Separate lesson plan for every student
In this special school, every classroom is a story, every child a circumstance, and every lesson a new challenge.
In the moderately sized room on the first floor, the two teachers in charge of the class are diligently sowing every letter, every life skill, and every spark of hope for each student. The class has 10 children, divided into small groups based on their capacity and ability to receive information. One group learns to trace letters, another persistently practices knitting. Another group is being personally guided by the teacher on how to pick bunches of vegetables.
Đào Thị Thanh Phương, one of the two teachers in charge of the class, is patiently sitting next to a deaf student. Using visual aids combined with sign language is how Phương teaches vocabulary to the children.

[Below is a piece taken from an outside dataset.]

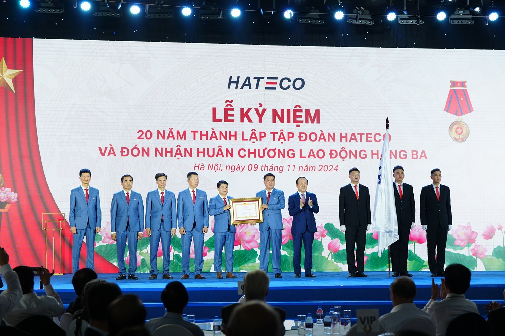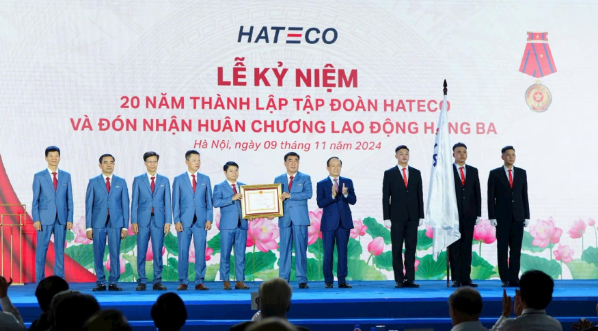 Ngày 9/11/2024, Tập đoàn Hateco long trọng tổ chức Lễ kỷ niệm 20 năm ngày thành lập (4/11/2004 - 4/11/2024) và đón nhận Huân chương Lao động hạng Ba do Đảng, Nhà nước trao tặng.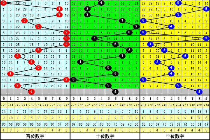 在百位前9次出现号码2之后,下期百位离别开出奖号:3-6-5-3-2-7-9-5-4,其中开出号码个数大小比是5:4,012路比是4:2:3,奇偶比是6:3。

“Because the children cannot hear or speak, I have to teach them vocabulary through the visual channel. Every lesson is an image, a sign, a movement of the hand so that they can remember. It helps them communicate through writing or sign language,” Phương shared.
In the same classroom, some children are over 10 years old, but their perception is only at the level of a 3-year-old. Others have good cognitive skills but cannot hear or speak. Therefore, a common lesson plan is impossible. Instead, each child has a separate plan, and every activity is meticulously designed to best suit their ability and needs. Children with delayed speech receive language development intervention, while those with greater difficulties are taught basic self-care and life skills to serve themselves.
In another classroom, there is a group of young students who are non-verbal and show signs of disorder. For children in this class, the first objective of the teaching method is not to teach them to speak, but to help them learn to listen, pay attention, and respond.
Accordingly, each session begins with sensory stimulation activities: shaking dice, touching different materials... to attract concentration. When the children start paying attention, the teacher uses the “modeling” method, demonstrating simple behaviors such as pointing, looking in the direction the teacher points, or reaching out to receive objects. These eye and hand signals are considered the first steps to establishing communication.
The provincial Inclusive Education Support Center is currently caring for and educating 96 disabled children. Among them, 66 children attend the specialized education program, and 30 children receive hourly intervention. In addition, the Center supports 22 more children, 9 of whom are attending regular schools, and 13 are integrated within their families.
Mai Thị Hồng Nhung, the Director of the Center, shared that most of the children face difficulties in language, cognition, and behavior, such as speech delay, learning difficulties, developmental disorders (autism), intellectual developmental delay, and physical disabilities. Therefore, some classes only have 1-2 students, and teachers have to split their time to dedicate separate learning methods to them. At the Center, the teachers not only teach letters and life skills but are also the ones who awaken the potential capacity in each child, through love, perseverance, and silent dedication.
Where hope is nurtured every day
Having been associated with the Center since its early days, for teacher Phan Thị Vân Trang, coming to special education has been a journey with many challenges. However, stemming from love, she and the teachers at the Center all share a common desire to help the children progress every day, even if only a little.
Trang recounted: “Some children on their first day at school only knew how to withdraw, not speak, and not look at anyone. After many months, sometimes even a whole year of persistent intervention, the children have gradually opened up and become more integrated.”
At the Center, some children who are 3 or 4 years old still cannot speak, and on their first day of school, they only made baby noises. For the children to utter a sound, the teachers have to be patient little by little, applying speech therapy techniques to activate the spoken language area.
“We are persistent and meticulous like that, but sometimes just hearing a sound of ‘teacher,’ seeing a hug or a tight hand-hold... for us, that is enough to stay committed for a long time,” said Tưởng Thị Huyền, a specialist in therapy and counseling at the Center.
Teaching a typical child is difficult, teaching a child with disabilities or a developmental disorder is many times harder. At the Center, every classroom, from the motor skills class, individual intervention class to the communication and skills class, is filled with the teachers’ non-stop efforts. Each lesson becomes a modeled movement, every sound, smile, and behavior... is simulated by the teacher for the children to practice.
Witnessing those who are both teachers and “caretakers,” patiently and dedicatedly looking after, training every eating habit, way of pronunciation, speaking, and communicating..., we further appreciate the hardships of the teaching staff in these special classrooms.
Here, every laugh, every sparkling eye, every first confident step of the children... are proof of the miracles that special education brings. Because more than anyone else, the teachers here understand that with enough love and patience, every child can shine in their own way.